WORK TASK: What is needed is an exact reproduction of the lines from the one that contains "This beautiful station" through the end of the data, both included and nothing else, with pictures omitted.

DATA SECTION:
▼
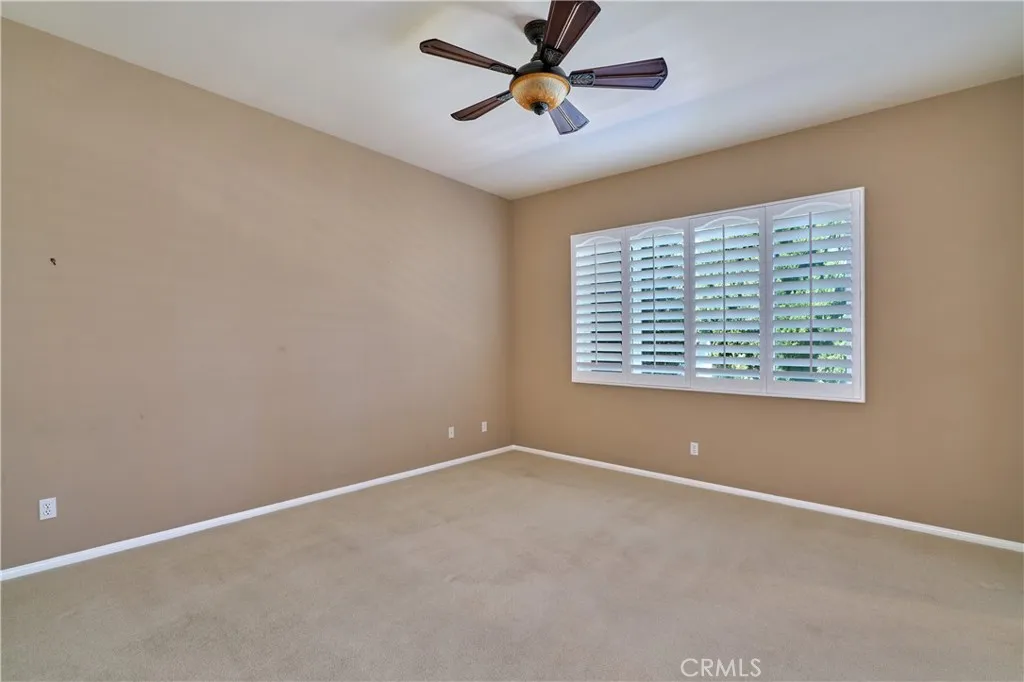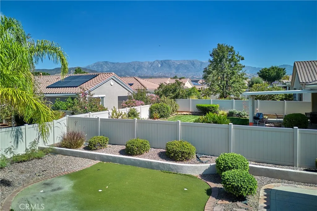 Pristine Trillion model in the gated 55+ community of Solera. The outdoor spaces are a true highlightexquisitely landscaped front and back yards with palm trees, a putting green, and extended patios. The kitchen showcases granite countertops and ample cabinetry, flowing into a spacious living room with a cozy gas fireplace. A den/office includes a built-in desk and extra recessed lighting. Plantation shutters add a clean, finished touch. The primary suite offers a walk-in shower, soaking tub, and a generous walk-in closet. Plenty of extra storage cabinets in the garage. As a Solera resident, youll enjoy resort-style amenities including a clubhouse with library, banquet facilities, billiards, fitness center, pool, spa, bocce ball, and tennis courts. There are also many clubs to join and organized trips. Spectrum internet and basic cable are included. Solera offers easy access to Redlands, Cabazon Outlets, the best golf courses and short drive to Palm Springs. There's no place like your new home!
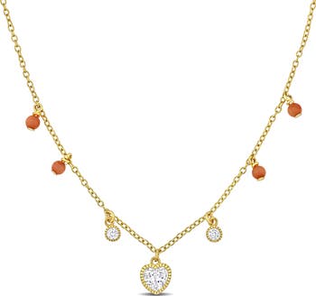 This beautiful station necklace is crafted in yellow-plated sterling silver and showcases a heart lab-created white sapphire at the center with round-cut lab-created sapphires on each side and coral beads stationed along the necklace. This necklace is 16 inches in length with a 2 inch extension and is secured with a spring ring clasp.
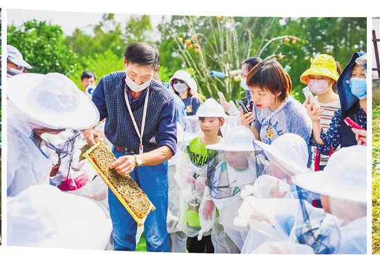 宁波四明山龙观庄园,游客在村民指导下体验蜂蜜制作。 受访者供图
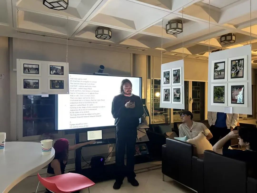 5月25日晚,研究生会执委会于静园四院举办了摄影展启动仪式。活动开场,四位同学带来了原创诗歌,并现场为观众进行朗诵。诗歌以多种语言呈现,诠释了燕京学堂多元包容的特质。温馨热烈的氛围里,观众们沉浸在这场跨越语言的艺术对话中,真切感受着创作者们的才华。
▲
RESPONSE TO THE EXERCISE:
 This beautiful station necklace is crafted in yellow-plated sterling silver and showcases a heart lab-created white sapphire at the center with round-cut lab-created sapphires on each side and coral beads stationed along the necklace. This necklace is 16 inches in length with a 2 inch extension and is secured with a spring ring clasp.
 宁波四明山龙观庄园,游客在村民指导下体验蜂蜜制作。 受访者供图
 5月25日晚,研究生会执委会于静园四院举办了摄影展启动仪式。活动开场,四位同学带来了原创诗歌,并现场为观众进行朗诵。诗歌以多种语言呈现,诠释了燕京学堂多元包容的特质。温馨热烈的氛围里,观众们沉浸在这场跨越语言的艺术对话中,真切感受着创作者们的才华。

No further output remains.